=== Section Start ===
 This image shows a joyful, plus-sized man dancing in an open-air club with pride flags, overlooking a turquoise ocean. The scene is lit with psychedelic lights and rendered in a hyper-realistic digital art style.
=== Section End ===
=== Section Start ===
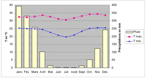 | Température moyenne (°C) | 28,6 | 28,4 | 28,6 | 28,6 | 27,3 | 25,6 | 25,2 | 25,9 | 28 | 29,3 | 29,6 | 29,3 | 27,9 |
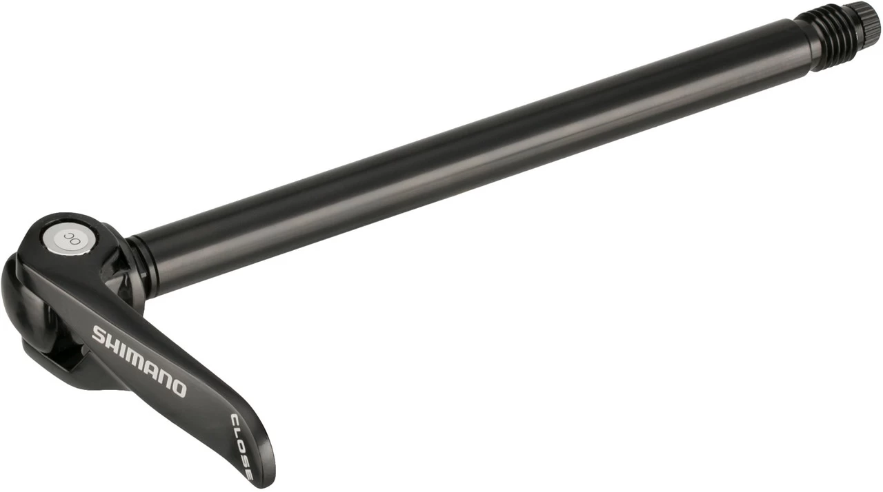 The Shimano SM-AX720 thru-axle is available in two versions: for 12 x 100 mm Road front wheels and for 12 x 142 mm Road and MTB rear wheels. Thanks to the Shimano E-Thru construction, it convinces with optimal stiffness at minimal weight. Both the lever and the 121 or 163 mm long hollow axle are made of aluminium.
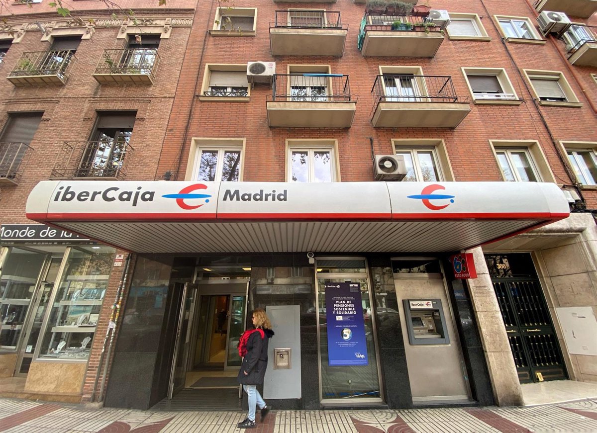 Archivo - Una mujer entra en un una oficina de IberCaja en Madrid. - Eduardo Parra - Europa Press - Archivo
=== Section End ===
=== Section Start ===
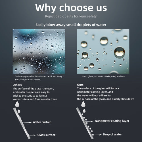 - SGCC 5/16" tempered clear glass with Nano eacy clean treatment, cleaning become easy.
=== Section End ===
--- Work to be completed ---
Reproduce word for word, with pictures dropped, only the part of the material above that opens with the line containing "29,3 | 27,9 |" and closes with the line containing "Archivo - Una".

--- Written answer ---
 | Température moyenne (°C) | 28,6 | 28,4 | 28,6 | 28,6 | 27,3 | 25,6 | 25,2 | 25,9 | 28 | 29,3 | 29,6 | 29,3 | 27,9 |
 The Shimano SM-AX720 thru-axle is available in two versions: for 12 x 100 mm Road front wheels and for 12 x 142 mm Road and MTB rear wheels. Thanks to the Shimano E-Thru construction, it convinces with optimal stiffness at minimal weight. Both the lever and the 121 or 163 mm long hollow axle are made of aluminium.
 Archivo - Una mujer entra en un una oficina de IberCaja en Madrid. - Eduardo Parra - Europa Press - Archivo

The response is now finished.